I can't wait for that iphone app!!  

Love netflix!  I'm currently using the three at a time, but plan to drop that when I can use the streaming more.  Right now we can't stream at the house


----------



## Mike D. aka jmiked

ValeriGail said:


> Love netflix! I'm currently using the three at a time, but plan to drop that when I can use the streaming more. Right now we can't stream at the house


They don't seem to have a lot available for streaming yet. I checked, and out of the 120+ things on my list, less than 25% are available for streaming. That's bound to improve with a little time.

Mike


----------



## pidgeon92

... and here my streaming queue is pretty well stuffed. I have 53 items in my instant queue right now, about 15% of those are complete seasons of TV series'. I won't be running out.... probably ever.


----------



## Betsy the Quilter

My streaming queue has 100+ items on it.  I pretty much only add things that can be streamed to my queue, haven't added an actual DVD in months.

Betsy


----------



## JimJ

I was kind of hoping iPhone app would come out the same day as 4.0. Oh well, it'll probably run better on my iPhone 4 anyway.


----------



## ValeriGail

I'm happy with whats available for streaming.  I took my wii disk to my inlaws so that we can stream over there.  I can't at the house.  I've only got IDSN (think thats the right term), and its terribly slow.  Dial up that you don't have to dial up into, thats how slow it is.  My husband streams in fortworth on the laptop though.  Pretty much love the older movies and the tv shows.  Can't wait till the option opens up to me fully.  (be moving next month).


----------



## ValeriGail

For those of you using the 1 DVD at a time plan, do you miss having more DVDs at once (if you've had the bigger plan)?  Do you stream more than utilize the DVD option?

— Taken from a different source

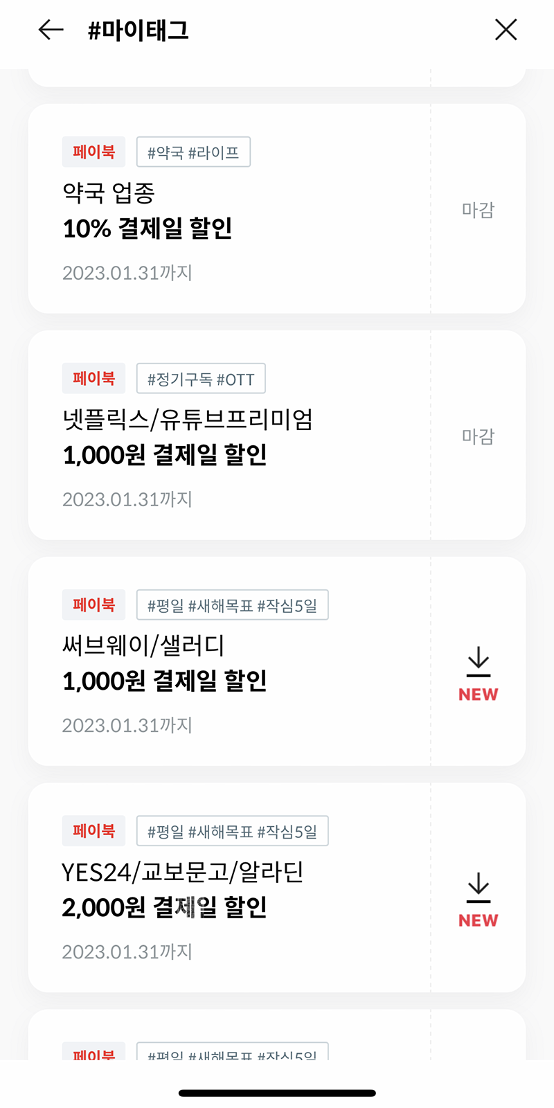 2023년 1월을 맞아 페이북 마이태그도 새롭게 갱신되어 다양한 할인 혜택을 재차 받을 수 있게 되었다. 문제는 페이북 마이태그에서 제공하는 다양한 할인 혜택 중에서 사실 내가 사용할 수 있는 혜택이 많지 않다는 게 아쉬운 점인데, 대체로 많은 사람이 사용하는 '넷플릭스/유튜브프리미엄 1,000원 결제일 할인'은 일찌감치 마감이 되었다.

I'm now living where I can stream very well. I've had my DVD that streams since February and just this week got to stream for the first time. (used the wii before, but really lovethe DVD player tostream better than the wii) We've streamed now for days straight!  Anyway, I was considering bumbing down my plan to the 8.99 (pluss blue ray). Im currently paying $22. What do you all think? I'm gonna propose the idea to my hubby tonight and see what he thinks


----------



## The Hooded Claw

ValeriGail said:


> For those of you using the 1 DVD at a time plan, do you miss having more DVDs at once (if you've had the bigger plan)? Do you stream more than utilize the DVD option?
> 
> I'm now living where I can stream very well. I've had my DVD that streams since February and just this week got to stream for the first time. (used the wii before, but really lovethe DVD player tostream better than the wii) We've streamed now for days straight! Anyway, I was considering bumbing down my plan to the 8.99 (pluss blue ray). Im currently paying $22. What do you all think? I'm gonna propose the idea to my hubby tonight and see what he thinks


I did look up one obscure movie that is available on DVD, but they actually didn't have it. Other than that, I haven't even considered doing anything but stream. More there than I want to take time to watch.


----------



## arshield

I am a nanny for my two nieces (16 month and almost 3).  They love netflix streaming on the ipad.  Much prefer it to TV (even with tivo).  They think commercials means the tv needs fixed.  And they carry around the ipad all the time.  Didn't even turn the tv on last week.


----------



## The Hooded Claw

arshield said:


> I am a nanny for my two nieces (16 month and almost 3).....And they carry around the ipad all the time.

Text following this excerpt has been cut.